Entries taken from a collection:
__________________________________________________
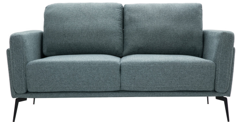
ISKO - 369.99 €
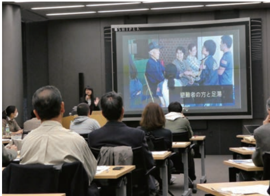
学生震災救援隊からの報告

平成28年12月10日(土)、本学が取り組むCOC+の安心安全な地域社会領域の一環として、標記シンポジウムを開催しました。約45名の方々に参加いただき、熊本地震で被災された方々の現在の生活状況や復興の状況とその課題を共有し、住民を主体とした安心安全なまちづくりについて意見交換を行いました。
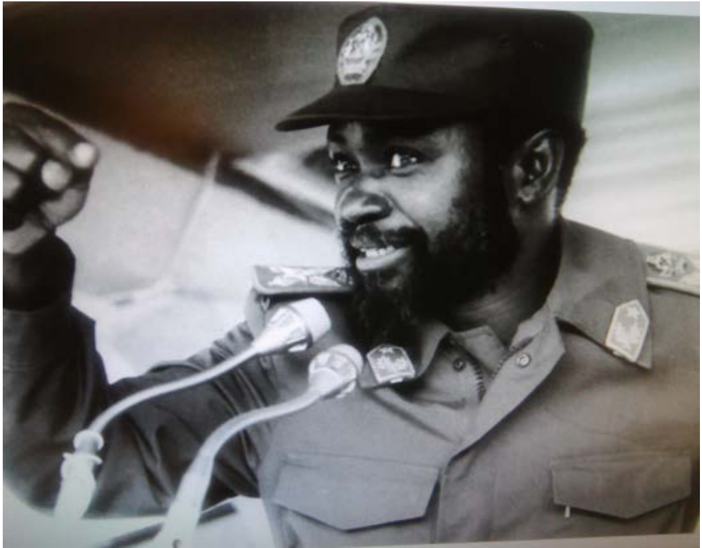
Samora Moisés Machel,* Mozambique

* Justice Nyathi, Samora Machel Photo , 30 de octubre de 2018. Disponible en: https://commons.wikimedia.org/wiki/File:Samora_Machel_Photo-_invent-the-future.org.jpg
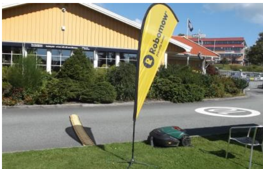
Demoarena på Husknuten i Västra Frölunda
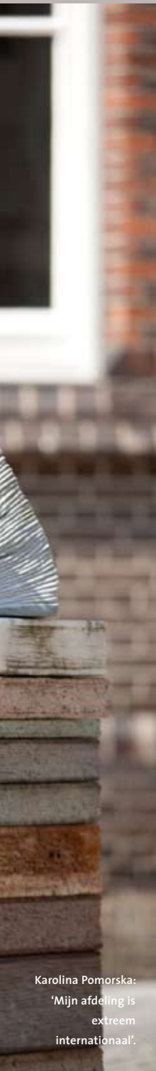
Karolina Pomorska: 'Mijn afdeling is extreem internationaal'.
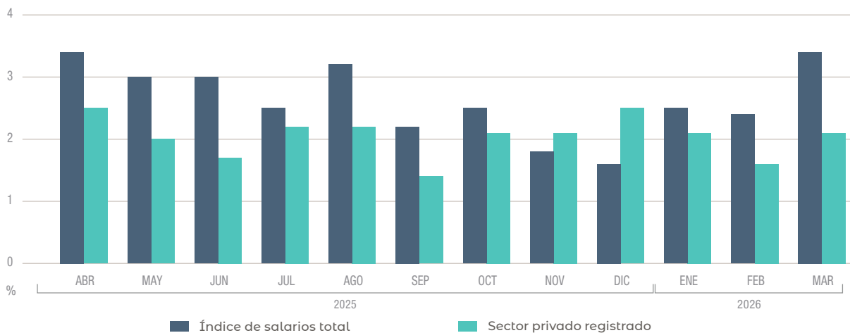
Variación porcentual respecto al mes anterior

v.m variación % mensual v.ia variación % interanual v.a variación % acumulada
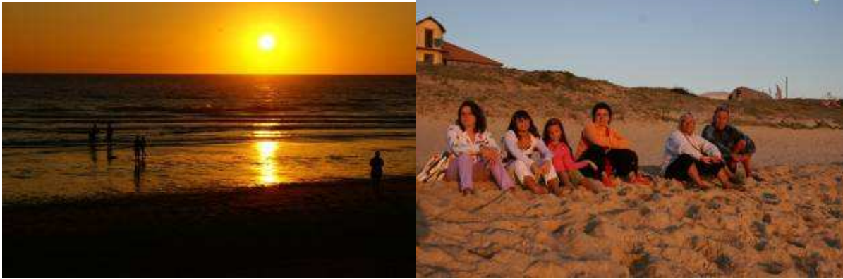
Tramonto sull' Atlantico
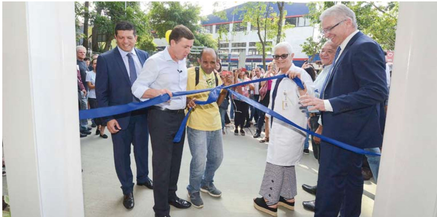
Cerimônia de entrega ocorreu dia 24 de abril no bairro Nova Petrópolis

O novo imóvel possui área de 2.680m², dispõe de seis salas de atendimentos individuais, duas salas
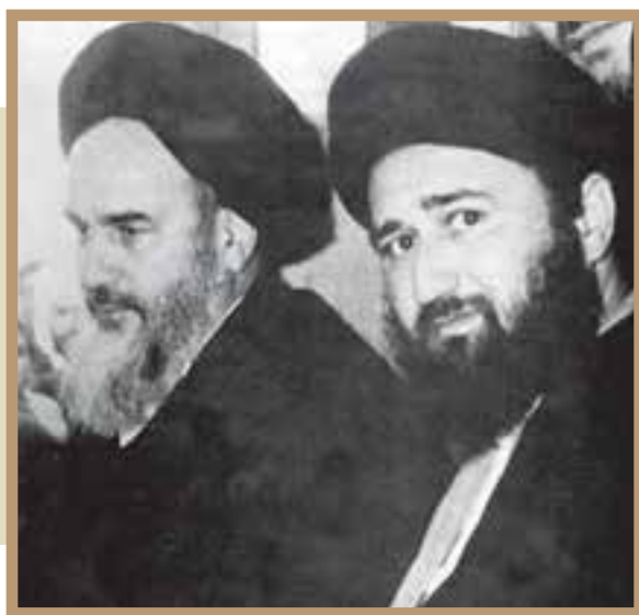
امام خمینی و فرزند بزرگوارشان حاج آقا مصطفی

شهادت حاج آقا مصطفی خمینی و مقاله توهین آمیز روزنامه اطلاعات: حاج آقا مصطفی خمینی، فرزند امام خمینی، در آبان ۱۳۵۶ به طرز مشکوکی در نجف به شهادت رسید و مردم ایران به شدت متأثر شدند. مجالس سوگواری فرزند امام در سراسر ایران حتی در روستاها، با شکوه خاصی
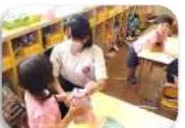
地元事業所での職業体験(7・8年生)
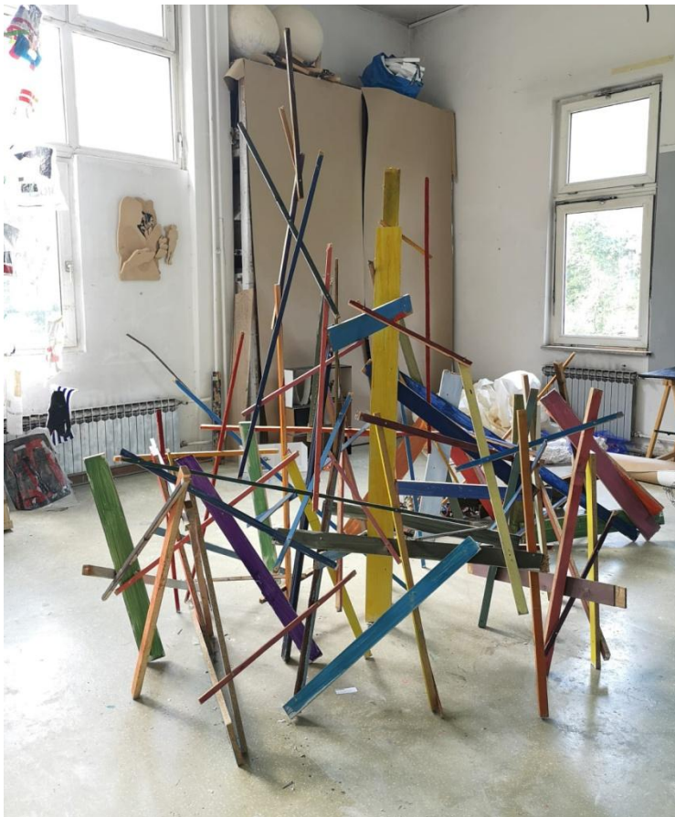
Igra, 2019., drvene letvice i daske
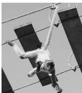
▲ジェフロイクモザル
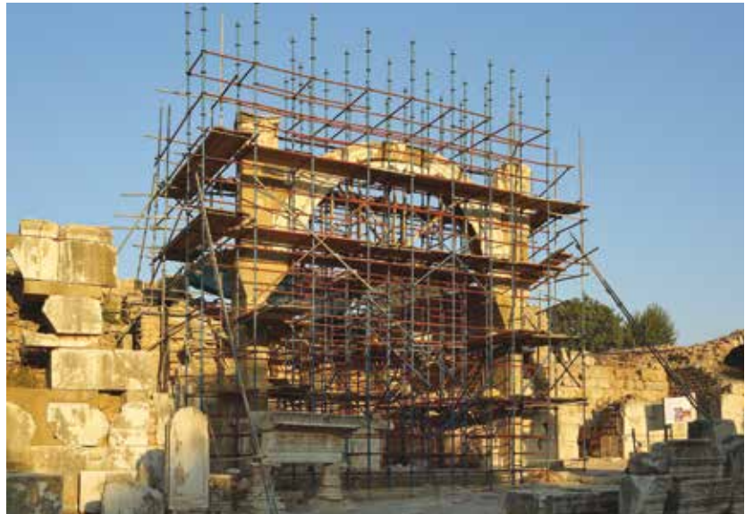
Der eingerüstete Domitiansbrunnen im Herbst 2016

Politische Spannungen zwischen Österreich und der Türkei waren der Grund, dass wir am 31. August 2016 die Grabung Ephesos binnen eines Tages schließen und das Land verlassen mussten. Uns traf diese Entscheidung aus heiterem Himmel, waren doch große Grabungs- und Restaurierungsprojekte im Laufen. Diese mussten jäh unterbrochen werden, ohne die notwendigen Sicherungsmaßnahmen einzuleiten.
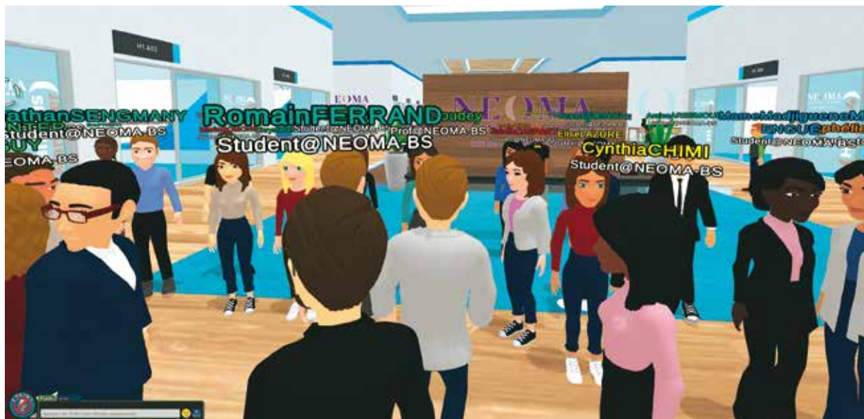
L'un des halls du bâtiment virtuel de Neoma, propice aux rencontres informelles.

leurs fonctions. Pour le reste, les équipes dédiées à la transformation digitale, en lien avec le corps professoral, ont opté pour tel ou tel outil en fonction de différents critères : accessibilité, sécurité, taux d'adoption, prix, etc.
__________________________________________________
**Work task**
From the first line to the last, repeat the records exactly. Leave out the pictures.

**Task result**
ISKO - 369.99 €
学生震災救援隊からの報告

平成28年12月10日(土)、本学が取り組むCOC+の安心安全な地域社会領域の一環として、標記シンポジウムを開催しました。約45名の方々に参加いただき、熊本地震で被災された方々の現在の生活状況や復興の状況とその課題を共有し、住民を主体とした安心安全なまちづくりについて意見交換を行いました。
Samora Moisés Machel,* Mozambique

* Justice Nyathi, Samora Machel Photo , 30 de octubre de 2018. Disponible en: https://commons.wikimedia.org/wiki/File:Samora_Machel_Photo-_invent-the-future.org.jpg
Demoarena på Husknuten i Västra Frölunda
Karolina Pomorska: 'Mijn afdeling is extreem internationaal'.
Variación porcentual respecto al mes anterior

v.m variación % mensual v.ia variación % interanual v.a variación % acumulada
Tramonto sull' Atlantico
Cerimônia de entrega ocorreu dia 24 de abril no bairro Nova Petrópolis

O novo imóvel possui área de 2.680m², dispõe de seis salas de atendimentos individuais, duas salas
امام خمینی و فرزند بزرگوارشان حاج آقا مصطفی

شهادت حاج آقا مصطفی خمینی و مقاله توهین آمیز روزنامه اطلاعات: حاج آقا مصطفی خمینی، فرزند امام خمینی، در آبان ۱۳۵۶ به طرز مشکوکی در نجف به شهادت رسید و مردم ایران به شدت متأثر شدند. مجالس سوگواری فرزند امام در سراسر ایران حتی در روستاها، با شکوه خاصی
地元事業所での職業体験(7・8年生)
Igra, 2019., drvene letvice i daske
▲ジェフロイクモザル
Der eingerüstete Domitiansbrunnen im Herbst 2016

Politische Spannungen zwischen Österreich und der Türkei waren der Grund, dass wir am 31. August 2016 die Grabung Ephesos binnen eines Tages schließen und das Land verlassen mussten. Uns traf diese Entscheidung aus heiterem Himmel, waren doch große Grabungs- und Restaurierungsprojekte im Laufen. Diese mussten jäh unterbrochen werden, ohne die notwendigen Sicherungsmaßnahmen einzuleiten.
L'un des halls du bâtiment virtuel de Neoma, propice aux rencontres informelles.

leurs fonctions. Pour le reste, les équipes dédiées à la transformation digitale, en lien avec le corps professoral, ont opté pour tel ou tel outil en fonction de différents critères : accessibilité, sécurité, taux d'adoption, prix, etc.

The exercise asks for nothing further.